By using the transformed structural properties method described in (6), the linear model is:

$$\begin{array}{c}\stackrel{•}{z}=Az+Bu,y=Dz,\\ A=A_1+A_2,B=B_1+B_2,\\ A_1=\left[\begin{array}{cccccc}0& 0& 0& 1& 0& 0\\ 0& 0& 0& 0& 1& 0\\ 0& 0& 0& 0& 0& 1\\ 0& 0& 0& 0& 0& 0\\ 0& 0& 0& 0& 0& 0\\ 0& 0& 0& 0& 0& 0\end{array}\right],\\ B_1=\left[\begin{array}{ccc}0& 0& 0\\ 0& 0& 0\\ 0& 0& 0\\ 21.626& 0& 0\\ 0& 3.0303& 0\\ 0& 0& 16.667\end{array}\right],\\ A_2=\left[\begin{array}{cccccc}0& 0& 0& 0& 0& 0\\ 0& 0& 0& 0& 0& 0\\ 0& 0& 0& 0& 0& 0\\ 0& 0& 0& 0& 0& 0\\ 0& 0& 0& 0& 0& 0\\ 0& 0& 0& 0& 0& 0\end{array}\right],\\ B_2={\left[\begin{array}{cccccc}0& 0& 0& 0& 0& 0\\ 0& 0& 0& 0& 0& 0\\ 0& 0& 0& 0& 0& 0\end{array}\right]}^T,\\ D=\left[\begin{array}{cccccc}1& 0& 0& 0& 0& 0\\ 0& 1& 0& 0& 0& 0\\ 0& 0& 1& 0& 0& 0\end{array}\right],\end{array}$$

(36)

By using the transformed structural properties method described in (7), the controllability matrix is:

$$C=\left[\begin{array}{cccccc}0& 0& 0& c_{14}& 0& 0\\ 0& 0& 0& 0& c_{25}& 0\\ 0& 0& 0& 0& 0& c_{36}\\ c_{41}& 0& 0& 0& 0& 0\\ 0& c_{52}& 0& 0& 0& 0\\ 0& 0& c_{63}& 0& 0& 0\end{array}\right],$$

(37)

$c_{14}=c_{41}=21.626$, $c_{25}=c_{52}=3.0303$, $c_{36}=c_{63}=16.667$. Since the rank of the controllability matrix is 6, the cylindrical robot is controllable.

By using the transformed structural properties method described in (8), the observability matrix is:

$$O=\left[\begin{array}{cccccc}1& 0& 0& 0& 0& 0\\ 0& 1& 0& 0& 0& 0\\ 0& 0& 1& 0& 0& 0\\ 0& 0& 0& 1& 0& 0\\ 0& 0& 0& 0& 1& 0\\ 0& 0& 0& 0& 0& 1\end{array}\right],$$

(38)

Since the rank of the observability matrix is 6, the cylindrical robot is observable.

5.3. Comparison of Results

In the proposed transformed structural properties method, the gravity terms $X(z_1)$ of the cylindrical robot model (34) and (35) contain constant functions, the linearization is evaded with $A_2$, $B_2$ of (36) are equal to zero, and a linear robot model is obtained with $A_1$, $B_1$ of (36).

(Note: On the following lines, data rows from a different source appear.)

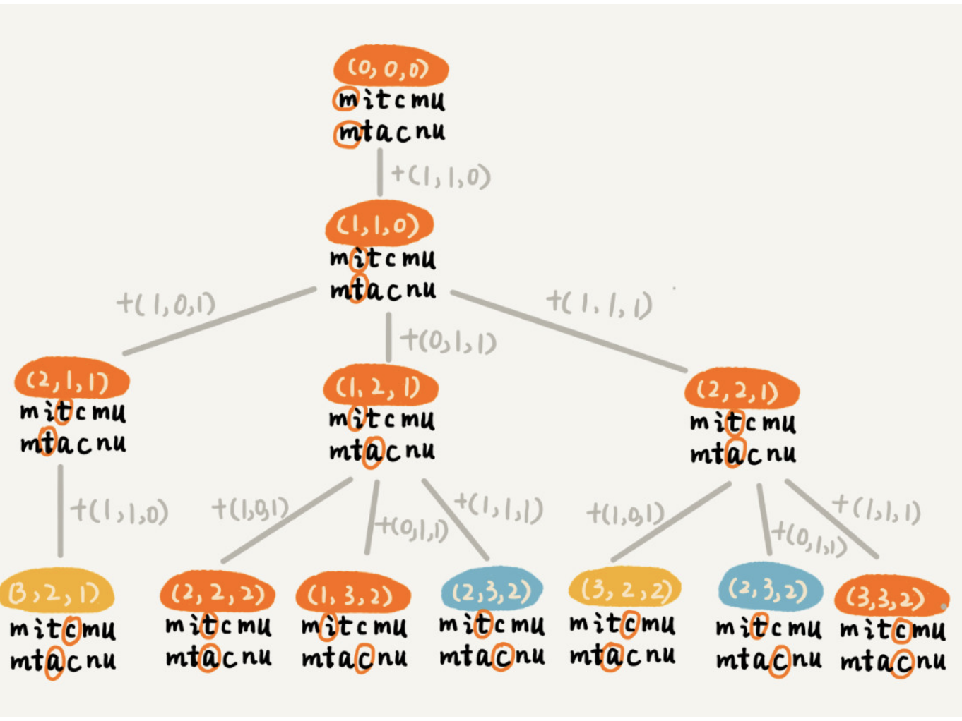 在递归树中,每个节点代表一个状态,状态包含三个变量 (i, j, edist),其中,edist 表示处理到 a[i] 和 b[j] 时,已经执行的编辑操作的次数。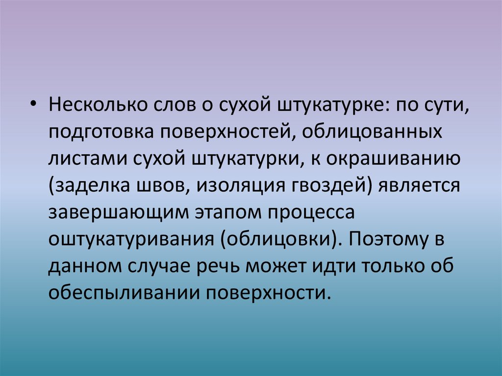 • Несколько слов о сухой штукатурке: по сути,подготовка поверхностей, облицованных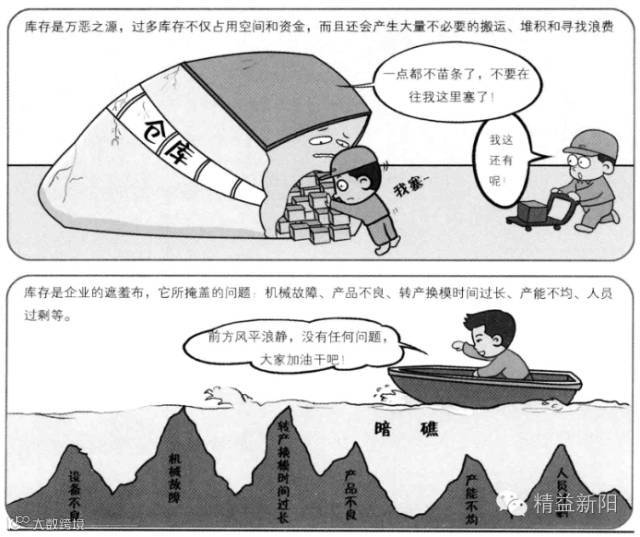 “库存是万恶之源”,过多的库存不仅占用空间和资金,产生大量不必要的搬运、堆积和寻找,而且还掩盖了企业内部的各种问题。如:生产周期不合理、设备故障太多、不良品太多等问题,如果有了充足的库存,出现问题时可以用库存先顶上,问题就可以慢慢解决甚至不用解决,最起码不是现在急需解决的问题。久而久之,就埋下了隐患的种子。

Thus, the transformed structural properties method satisfies the gravity terms condition of Remark 2. Furthermore, the linear model (36) of the transformed structural properties method is more approximated to the robot model than the linear model (31) of the linearization method, and the controllability and observability results of the transformed structural properties method (37) and (38) are more precise than the controllability and observability results of the linearization method (32) and (33).

6. Conclusions

In this study, we proposed the transformed structural properties method to determine the controllability and observability of robots. Some authors proposed a linearization method, and others proposed a structural properties method, while this study considered a method as the combination of the other two methods. The numerical results showed that the transformed structural properties method obtained a more approximated robot model and obtained more precise controllability and observability results. The proposed method could be used for any of the conventional structures of robots. In the forthcoming work, the proposed method will be used not only to determine the controllability and observability but the proposed method will also be used to obtain a controller and an observer.